* **Exercise objective**: Output the listing exactly as written, apart from its pictures.

* **Collected material**:
+===+

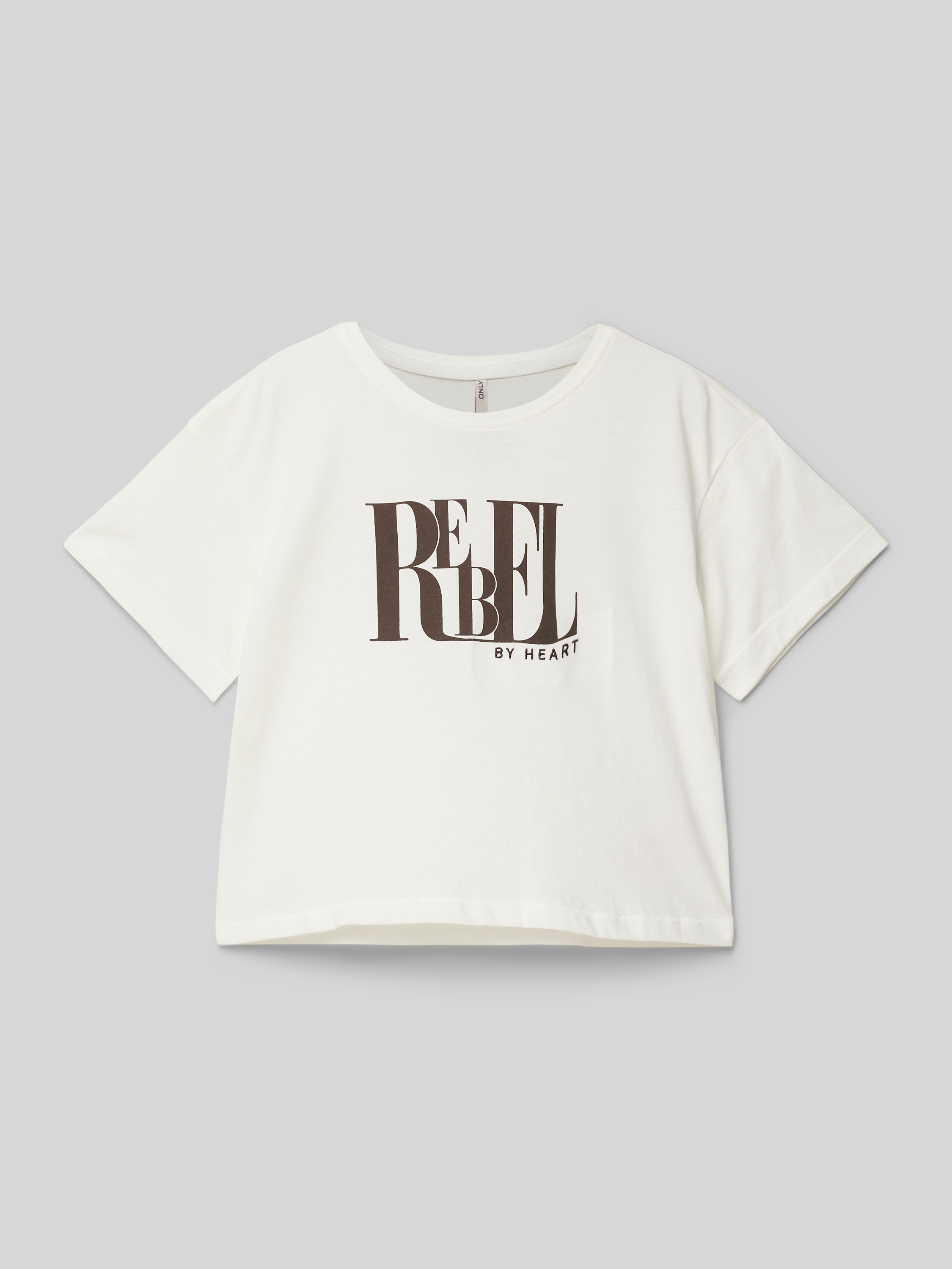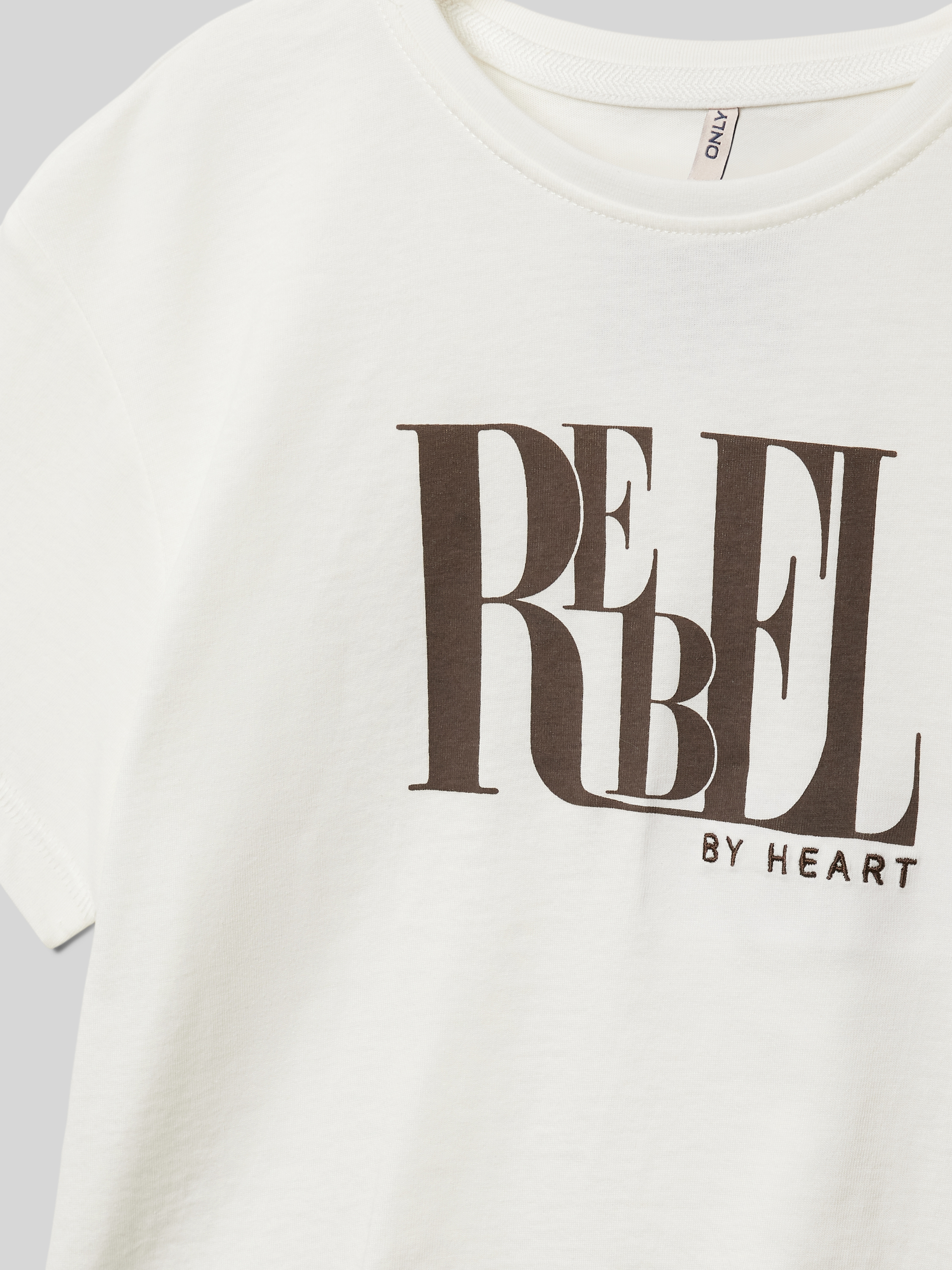 Das Regular Fit Crop Top von Only, Modell 'Leona', verbindet Komfort mit Stil durch seine reine Baumwollverarbeitung und den entspannten Schnitt. Mit einem schlichten Rundhalsausschnitt und kurzen Ärmeln eignet sich das Top ideal für warme Tage. Der dezente Statement Print und das Schriftzug-Stitching setzen modische Akzente.
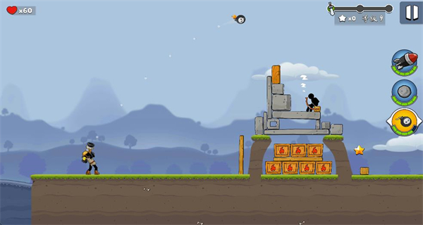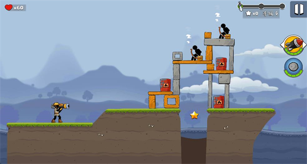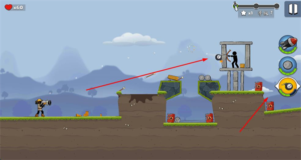 3、关卡中操控火柴人使用武器瞄准敌方目标,结合场景中的爆炸物,提升破坏效率以快速通关。
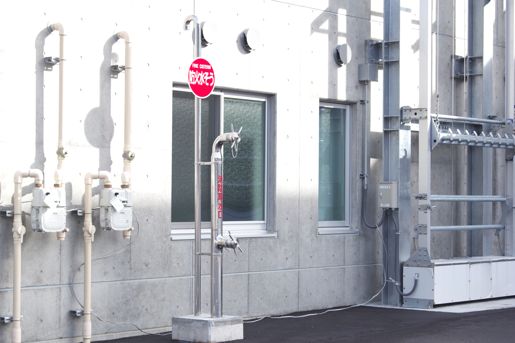 同一敷地内にある防災ヘリポートの運航を考慮した、機能的な配置及び構造としています。
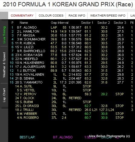 Good win by Alonso, although I am not happy he is leading the WDC. I must admit I would prefer one of the McLaren's to win the WDC than Alonso or Vettel. Webber still has a chance though!

+===+

* **Written answer**:
 Das Regular Fit Crop Top von Only, Modell 'Leona', verbindet Komfort mit Stil durch seine reine Baumwollverarbeitung und den entspannten Schnitt. Mit einem schlichten Rundhalsausschnitt und kurzen Ärmeln eignet sich das Top ideal für warme Tage. Der dezente Statement Print und das Schriftzug-Stitching setzen modische Akzente.
 3、关卡中操控火柴人使用武器瞄准敌方目标,结合场景中的爆炸物,提升破坏效率以快速通关。
 同一敷地内にある防災ヘリポートの運航を考慮した、機能的な配置及び構造としています。
 Good win by Alonso, although I am not happy he is leading the WDC. I must admit I would prefer one of the McLaren's to win the WDC than Alonso or Vettel. Webber still has a chance though!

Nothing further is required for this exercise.